Je me laissai glisser le long du mur pour m'asseoir par terre. J'étais fatiguée de me battre continuellement avec mes propres pensées. Mais je savais que je n'avais pas le choix; déjà qu'en essayant de les contrôler elles partaient dans tous les sens, alors je ne voulais même pas imaginer ce que cela pourrait être si je lâchai prise. Je répondis d'un ton las à mon amie:
« Si seulement je savais ce qu'il a de si particulier comme tu dis, je serais bien avancée figure-toi. Et puis tu sais, à cause de ce rêve... Je ne sais pas vraiment quoi penser de lui. Tu vois, dans mon rêve, il n'était pas le gars prétentieux qu'il est: il était gentil et attentionnée, timide même, comme si... Comme si au lycée il jouait un rôle... »

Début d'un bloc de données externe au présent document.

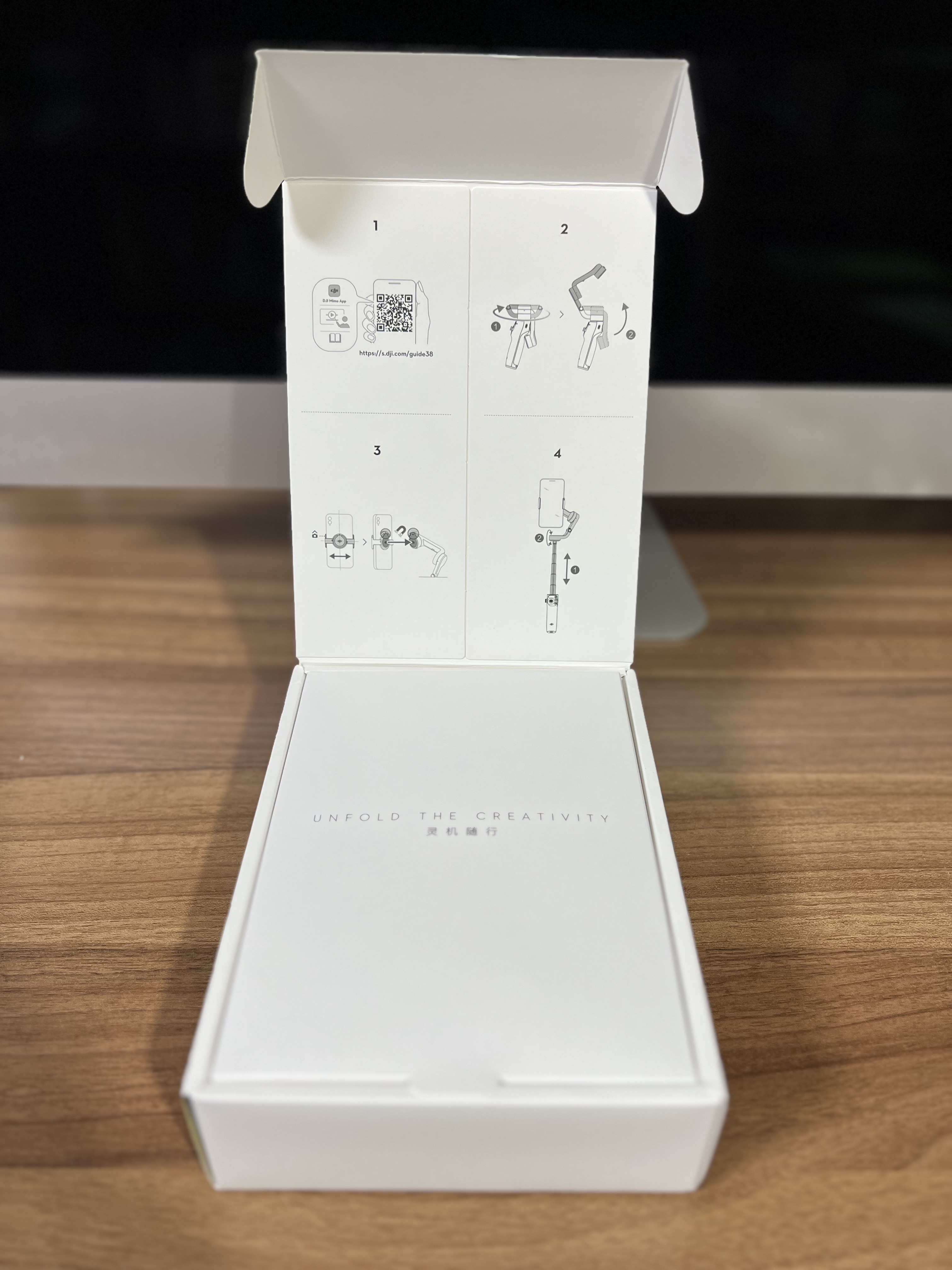 DJI 오즈모 모바일 6는 비닐 제거 후에 OPEN 스티커를 뜯어야 하는 차이가 있습니다.
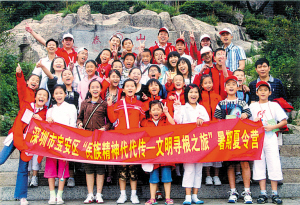 为纪念中国工农红军长征70周年,增强全区青少年爱国情感,引导青少年接触社会、了解社会,宝安区关工委、区文明办、区教育局、团区委等七个部门,联合组织了“重走长征路,点燃爱国情”和“发现深圳”两项活动。参加此次活动的全区青少年共222人,都是来自全区各中小学的“三好”学生、“优秀少先队员”、“优秀团员”、劳务工子女和贫困家庭的优秀学生代表。同学们通过在江西革命老区6天的“长征”,接受了一次生动的革命传统和爱国主义教育,实地体验到新中国的缔造者们为了祖国独立自主、繁荣富强所作出的艰苦努力和付出的巨大牺牲;通过与老区学生同吃、同住、同劳动,在社会课堂上深刻领悟了“以辛勤劳动为荣、以好逸恶劳为耻”、“以艰苦奋斗为荣、以骄奢淫逸为耻”、“喝水不忘掘井人”的道理。在活动中他们深刻感受到集体主义、团结互助的重要性,收获了“战斗友情”。通过“发现深圳”的系列活动,同学们更加了解了深圳、宝安的风俗民情,了解到深圳从小渔村到大特区的艰苦创业史,明白了学好科学文化知识的重要性,纷纷表示一定要更加勤奋学习,锻炼成才,报答长辈,服务社会。
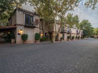 the building is next to a parking lot with benches on the side of it and trees lining the walkway
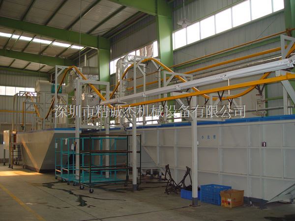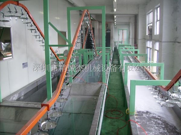 游浸式前处理特点:工件通过悬挂线输送 以游泳的方式在药池中进行处理,具有大批量连续作业特点,处理效果好,易于保养,且药水用量小。相对占地较大,且只能安放于地面适用于各种形状态及油脂含量高的工件处理,不适台漂浮的工作。

Un silence flotta quelques instants, pendant lesquels nous méditions mes propos en le fixant. Il ne sembla d'ailleurs pas le remarquer: il avait l'habitude d'attirer tous les regards.
« Un peu comme Vincenzo tu sais. »
Car oui, c'était comme ça que ce garçon m'avait fait craquée: je l'avais d'abord pris pour un bout-en-train, un genre de m'as-tu-vu, mais il avait rapidement voulu me prouver le contraire, me dévoilant un côté vraiment adorable et réservé que je ne lui aurais jamais soupçonné au premier abord. Je l'avais jugé trop vite.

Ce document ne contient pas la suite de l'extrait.